No changes to report since last week.
length | s time | v1 time | v8 time | s Micount | v1 Micount | v8 Micount | s ns/inst | v1 ns/inst | v8 ns/inst |
---|---|---|---|---|---|---|---|---|---|
1 | 0.16 | 0.14 | 0.12 | 73 | 19 | 19 | 2.19 | 7.37 | 6.32 |
2 | 0.22 | 0.12 | 0.14 | 89 | 19 | 19 | 2.47 | 6.32 | 7.37 |
4 | 0.24 | 0.20 | 0.17 | 121 | 19 | 19 | 1.98 | 10.53 | 8.95 |
8 | 0.23 | 0.29 | 0.27 | 95 | 19 | 19 | 2.42 | 15.26 | 14.21 |
16 | 0.23 | 0.44 | 0.44 | 111 | 19 | 19 | 2.07 | 23.16 | 23.16 |
32 | 0.28 | 0.86 | 0.81 | 143 | 26 | 19 | 1.96 | 33.08 | 42.63 |
64 | 0.43 | 1.74 | 1.45 | 207 | 40 | 19 | 2.08 | 43.50 | 76.32 |
128 | 0.57 | 3.34 | 2.85 | 293 | 68 | 19 | 1.95 | 49.12 | 150.00 |
256 | 0.89 | 6.62 | 5.67 | 451 | 124 | 26 | 1.97 | 53.39 | 218.08 |
512 | 1.52 | 13.28 | 11.27 | 767 | 236 | 40 | 1.98 | 56.27 | 281.75 |
1,024 | 2.83 | 26.28 | 22.45 | 1,448 | 460 | 68 | 1.95 | 57.13 | 330.15 |
2,048 | 5.49 | 52.41 | 44.85 | 2,810 | 908 | 124 | 1.95 | 57.72 | 361.69 |
4,096 | 10.72 | 105.43 | 89.67 | 5,534 | 1,804 | 236 | 1.94 | 58.44 | 379.96 |
8,192 | 21.21 | 210.61 | 179.43 | 10,933 | 3,596 | 460 | 1.94 | 58.57 | 390.07 |
16,384 | 42.54 | 421.70 | 359.58 | 21,731 | 7,180 | 908 | 1.96 | 58.73 | 396.01 |
No changes since last week.
These results are in ns/instruction.
length | LMUL | VLEN=128 | VLEN=256 | VLEN=512 | VLEN=1024 |
---|---|---|---|---|---|
1 | 1 | 21.13 | 21.15 | 21.13 | 21.14 |
2 | 1 | 33.44 | 33.48 | 33.50 | 33.52 |
4 | 1 | 62.16 | 62.16 | 62.09 | 62.12 |
8 | 1 | 108.88 | 108.88 | 108.94 | 109.06 |
16 | 1 | 209.88 | 210.12 | 209.75 | 209.75 |
32 | 1 | 210.50 | 396.50 | 396.75 | 397.25 |
64 | 1 | 209.00 | 396.50 | 772.00 | 771.50 |
128 | 1 | 207.00 | 397.00 | 771.00 | 1524.00 |
256 | 1 | 212.00 | 399.00 | 772.00 | 1523.00 |
512 | 1 | 210.00 | 398.00 | 771.00 | 1521.00 |
1,024 | 1 | 213.00 | 398.00 | 773.00 | 1521.00 |
2,048 | 1 | 207.00 | 395.00 | 773.00 | 1519.00 |
4,096 | 1 | 210.00 | 395.00 | 771.00 | 1522.00 |
8,192 | 1 | 208.00 | 401.00 | 768.00 | 1521.00 |
You can find the baseline execution time and instruction count of the SPEC CPU 2017 benchmarks here
2024-05-22
- Jeremy to run baseiline results for the other flavours of the vle*.v/vse*.v instructions
- COMPLETE (see details above)
- Paolo to check the ARM SVE example mentioned int the gitlab issue (see 2024-05-01).

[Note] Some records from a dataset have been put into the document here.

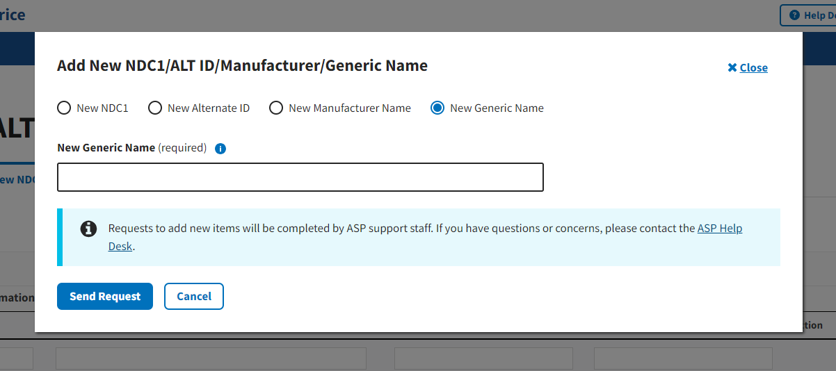 Figure 18: Request New NDC1/ALT ID/Manufacturer/Generic Name Page - Add New NDC1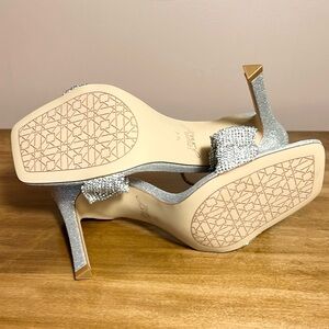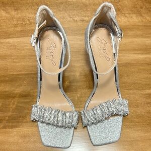 Jewel by Badgley Mischka silver glitter heeled open toe sandals shoes with beautiful ruched rhinestone over the toe panel - heel height is 4” - brand new - no box - no tags - All manmade materials - These are a bright beaming Christmas silver despite looking slightly dark in the photos - Beautiful formal occasion shoes - Standard width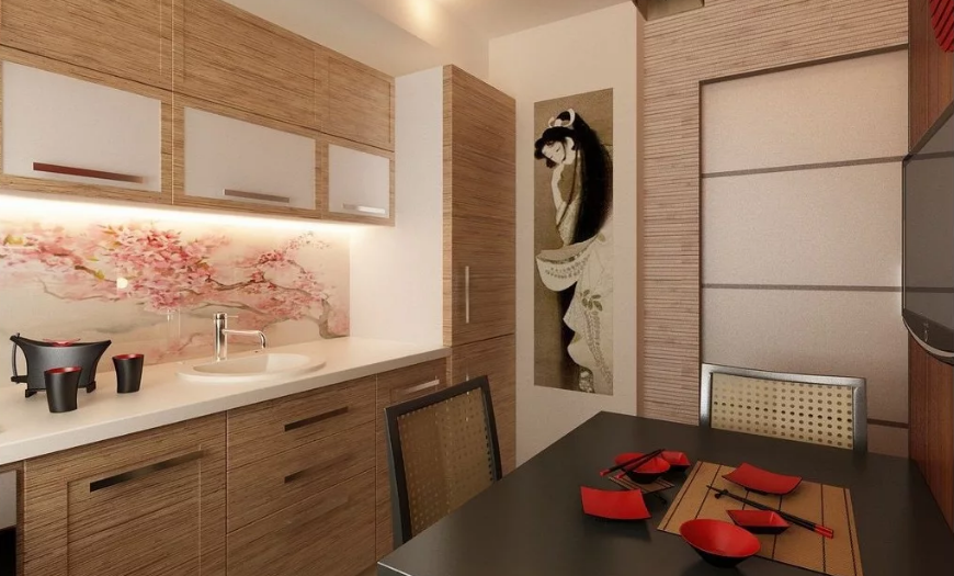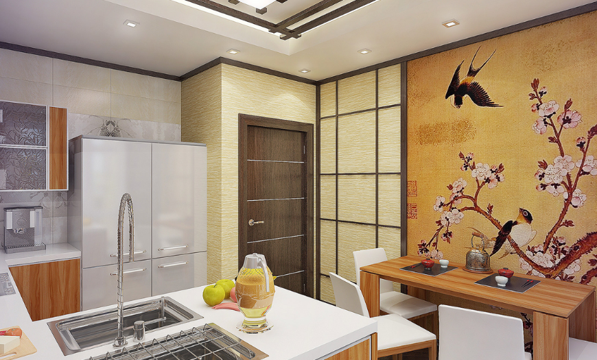 Это природные цвета, низкая мебель самых простых форм и декор, соответствующий классической японской стилистике. Это могут быть росписи на фасадах, иероглифы, изображения самураев, японское оружие или веера на стенах. Материалы используются только натуральные.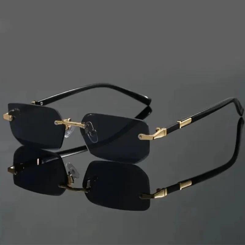 Black Rectangular Frames with Golden-Tone Metal Glasses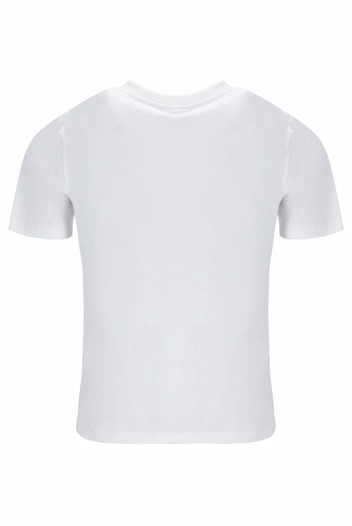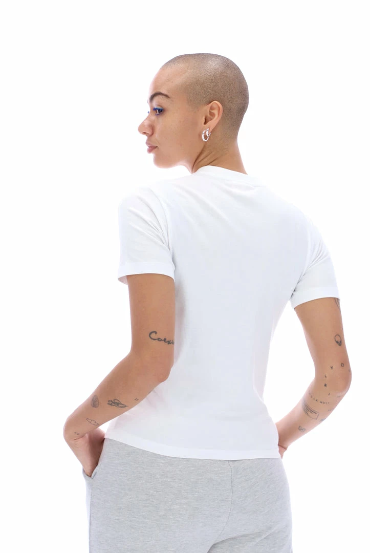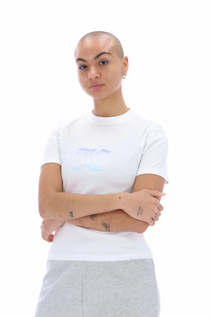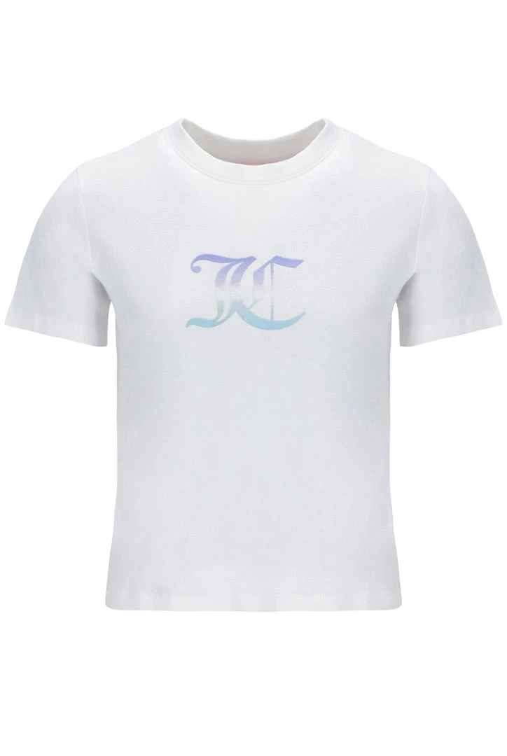 Girlfriend graphic tee in white jersey. This crew neck style t-shirt features a raised outline ‘JC’ ombre branding.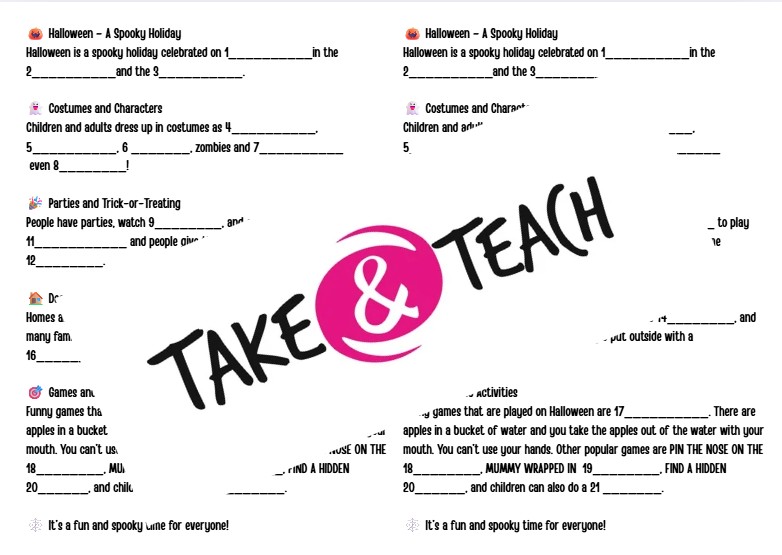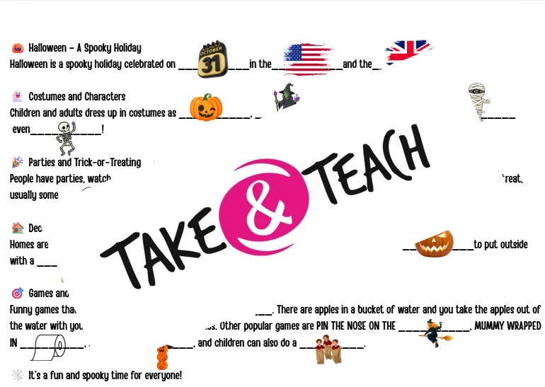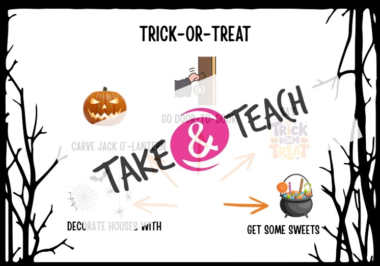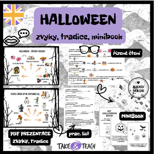 Připoměňte nebo seznamte žáky se zvyky a tradicemi svátku Halloween, procvičte základní slovní zásobu a aktivity spojené s tradicemi (konverzace, řízené čtení), složte si minibook s příběhem svátku a nechte žáky vypracovat úkoly.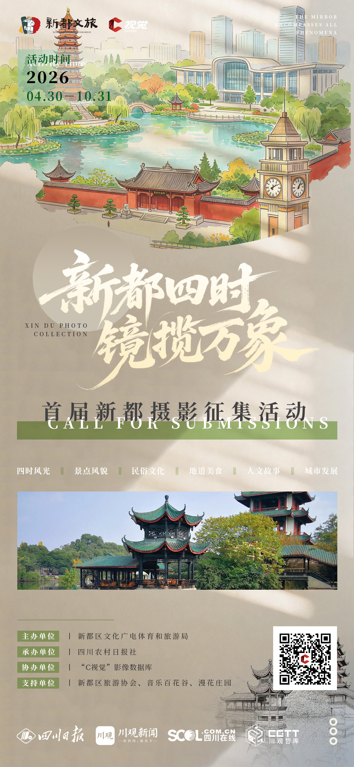 本次摄影征集紧扣香城宝地・古蜀新都品牌塑造,深度挖掘新都区优质文旅资源,围绕四时风光、景点风貌、民俗文化、地道美食、人文故事、城市发展六大核心维度,重点发现、记录与展示新都区文商旅体融合发展的新场景、新业态、新面貌。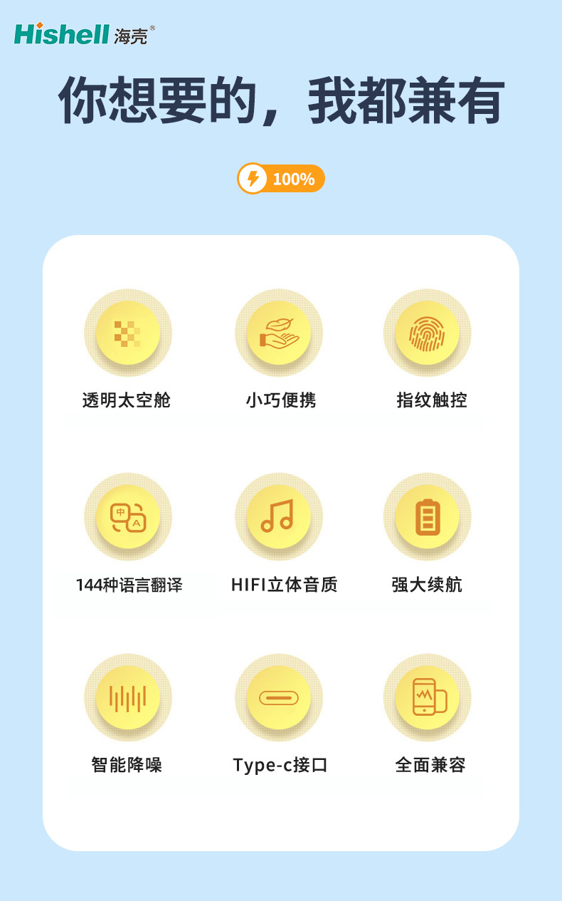 透明太空舱设计精致吸睛,机身小巧便携,轻松塞进口袋;搭配灵敏指纹触控,操作精准便捷。核心支持 144 种语言翻译,打破语言壁垒;HIFI 立体音质,翻译、听歌都清晰;强大续航告别电量焦虑,智能降噪让嘈杂环境也能顺畅沟通。Type-C 接口充电方便,还能全面兼容各类设备。不管是境外旅行、商务沟通,还是日常使用,它都能一站式满足需求,无需额外搭配其他设备,实用又省心。

- COMPLETE: good example as soon as we'll need to implement vle8.v with a more direct access to the host.
2024-05-15
- Jeremy to look at impact of masked v unmasked and strided v unstrided on vector operations.
- lower proirity.
2024-05-08
- Jeremy to characterise QEMU floating point performance and file it as a performance regression issue in QEMU GitLab.
- low priority, deferred to prioritize the smoke tests work.
2024-05-01
- Paolo to review the generic issue from Palmer Dabbelt to identify ideas for optimization and benchmarks to reuse.
- IN PROGRESS: Reproduction deferred to prioritize ARM analysis.
- So far we didn't see the execution time difference reported in the issue. Need to check the context.
- The bionic benchmarks may be a useful source of small benchmarks.
- Taken the ARM example: it might be tricky to map each load/store with the right host operations but that's the kind of optimization we are aiming at.
- Daniel to advise Paolo on best practice for preparing QEMU upstream submissions.
The risk register is held in a shared spreadsheet
We will keep it updated continuously and report any changes each week.
There are no changes to the risk register this week.
Jeremy will be on vacation from the 7th to the 16th of June. Paolo will be on vacation from the 20th to the 24th of June.